But Bassoul is still involved. His “expertise” has run Six Flags down to its current state. Is he going to be a figure head only with no corporate power? Maybe so. He is about filling his own pockets. Not stockholders.
This popped up yesterday. https://seekingalpha.com/ne...-regulator
So Six Flags shareholders have to be allowed to vote on the merger, but Cedar Fair unitholders don't? I wonder why that is? I guess I should know that as a Cedar Fair unitholder. Now that I think about it, I don't recall a vote when CF bought Paramount either.
"You can dream, create, design and build the most wonderful place in the world...but it requires people to make the dreams a reality."

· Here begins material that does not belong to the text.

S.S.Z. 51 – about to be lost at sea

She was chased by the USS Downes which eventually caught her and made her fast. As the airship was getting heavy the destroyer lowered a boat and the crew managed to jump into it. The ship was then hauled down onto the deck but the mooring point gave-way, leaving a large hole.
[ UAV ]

Cedar Fair partnership agreement, unitholder vote is required if there is a Change in Control. Merger doesn't result in a Change in Control if Cedar Fair unitholders own at least 51% of the post-merger entity equity. From merger announcement, Cedar Fair unitholders will own 51.2% of the post-merger entity.
Without the prior approval of Partners whose aggregate Percentage Interest constitutes at least 66 2/3% of the aggregate Percentage Interest of the Partners, the General Partner shall not approve a transaction or a series of related transactions which (i) results in a Change of Control, or (ii) results in the sale or exchange of all or substantially all of the assets of Cedar Point Park.

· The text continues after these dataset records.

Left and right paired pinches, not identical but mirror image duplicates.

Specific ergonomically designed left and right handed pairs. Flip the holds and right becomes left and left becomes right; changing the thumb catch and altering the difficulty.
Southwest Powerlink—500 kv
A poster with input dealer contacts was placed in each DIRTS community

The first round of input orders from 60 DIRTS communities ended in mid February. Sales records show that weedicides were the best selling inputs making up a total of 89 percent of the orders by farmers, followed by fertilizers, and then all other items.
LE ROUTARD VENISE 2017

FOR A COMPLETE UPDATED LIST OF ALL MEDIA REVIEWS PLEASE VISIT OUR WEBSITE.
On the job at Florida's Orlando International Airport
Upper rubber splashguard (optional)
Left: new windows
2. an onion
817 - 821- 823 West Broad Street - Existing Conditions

“Change in Control” shall be deemed to occur if: (a) any person or group (as such term is defined in section 13(d)(3) of the Securities Exchange Act of 1934, as then in effect), other than the Partnership or any trustee or other fiduciary holding securities under an employee benefit plan of the Partnership, shall acquire, directly or indirectly, beneficial ownership (within the meaning of Rule 13d-3 and 13d-5 of the Securities Exchange Act of 1934, as then in effect) of more than twenty percent (20%), on a fully diluted basis, of the economic or voting interest in the Partnership’s then Outstanding Units, other than the acquisition of Units from the Partnership or by virtue of a merger or consolidation to which the Partnership is a party, (b) a merger or consolidation of the Partnership with any other Person, other than a merger or consolidation that would result in the Units of the Partnership Outstanding immediately prior thereto continuing to represent (either by remaining Outstanding or by being converted or exchanged for voting securities of the surviving or resulting entity or its parent corporation) more than fifty-one percent (51%) of the voting interest of the partnership interests or other voting securities of the Partnership or such surviving or resulting entity outstanding after such merger or consolidation, or (c) the liquidation of the Partnership or an agreement or agreements for the sale or disposition by the Partnership of all or substantially all of the assets of the Partnership.
Paramount was an acquisition not a merger.